Abstract
Hallucinations—while often considered an indication of mental illness—are commonly experienced by those without a need for clinical care. These nonclinical voice-hearers offer an opportunity to investigate hallucinations in the absence of confounds inherent to the clinical state. Recent work demonstrates an association between auditory verbal hallucinations (AVH) and structural variability in paracingulate sulcus (PCS) of medial prefrontal cortex in a clinical population. However, before PCS length may be considered a biomarker for clinical hallucination risk, it is necessary to investigate PCS structure in a nonclinical population of voice-hearers with AVH phenomenology similar to those of their clinical counterparts. In the current study, PCS length was measured from T1-weighted structural MRI scans of four groups of participants: (1) voice-hearers with a psychotic disorder (n = 15); (2) voice-hearers without a psychotic disorder (n = 15); (3) nonvoice-hearers with a psychotic disorder (n = 14); and (4) nonvoice-hearers without a psychotic disorder (n = 15).

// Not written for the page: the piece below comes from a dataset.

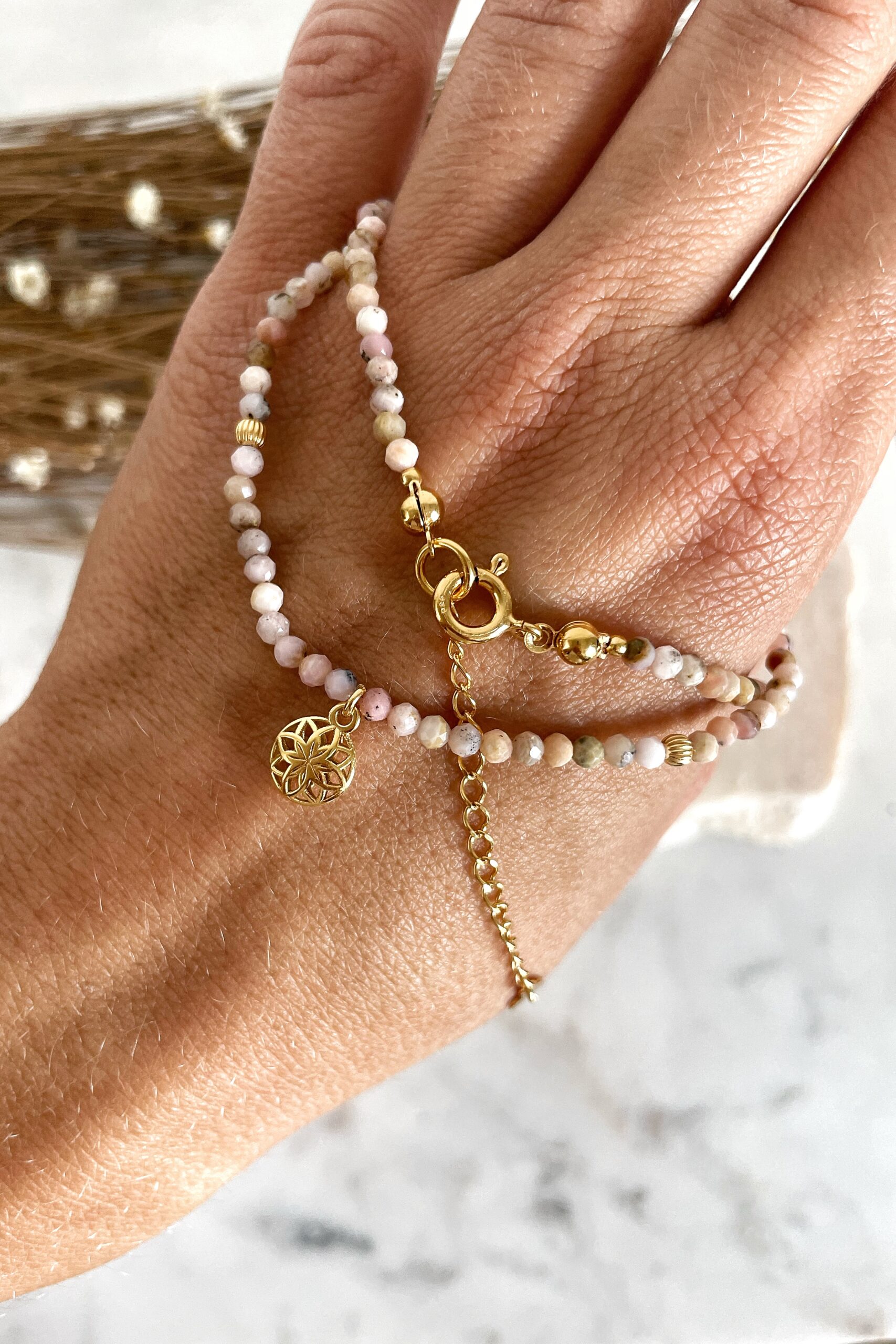 Będzie się pięknie komponował z bransoletką Amalfi na nogę lub inną bransoletką z opalu – Ofelią. Zajrzyj koniecznie i skomponuj swój zestaw.

There was a main effect of AVH status—but not psychosis—on right PCS length, with no interaction of AVH and psychosis. Participants with AVH exhibited reduced right PCS length compared to participants without AVH (mean reduction = 8.8 mm, P < 0.05). While past studies have demonstrated decreased PCS length in clinical voice-hearers, ours is the first demonstration that shorter right PCS extends to nonclinical voice-hearers. Our findings support the hypothesis that differences in PCS length are related to the propensity to hear voices and not to illness, consistent with a continuum model of voice-hearing.

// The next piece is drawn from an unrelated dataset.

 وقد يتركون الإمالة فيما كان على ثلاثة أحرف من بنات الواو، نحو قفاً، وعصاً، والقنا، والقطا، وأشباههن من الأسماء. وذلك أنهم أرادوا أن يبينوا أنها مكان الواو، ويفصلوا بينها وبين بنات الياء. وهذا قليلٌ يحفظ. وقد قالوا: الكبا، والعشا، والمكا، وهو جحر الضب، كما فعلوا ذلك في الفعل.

Keywords: hallucinations, neuroanatomy, computational psychiatry
Introduction
While hallucinations are often considered to be the sine qua non of serious mental illness, they are commonly experienced by those without a need for care.1 Such nonclinical hallucinating individuals offer a window into the etiology of hallucinations. Studying a nonclinical population of voice-hearers provides an opportunity to investigate auditory verbal hallucinations (AVHs) in the absence of confounds such as stigma, distress, or medication, among other factors integral to the clinical state.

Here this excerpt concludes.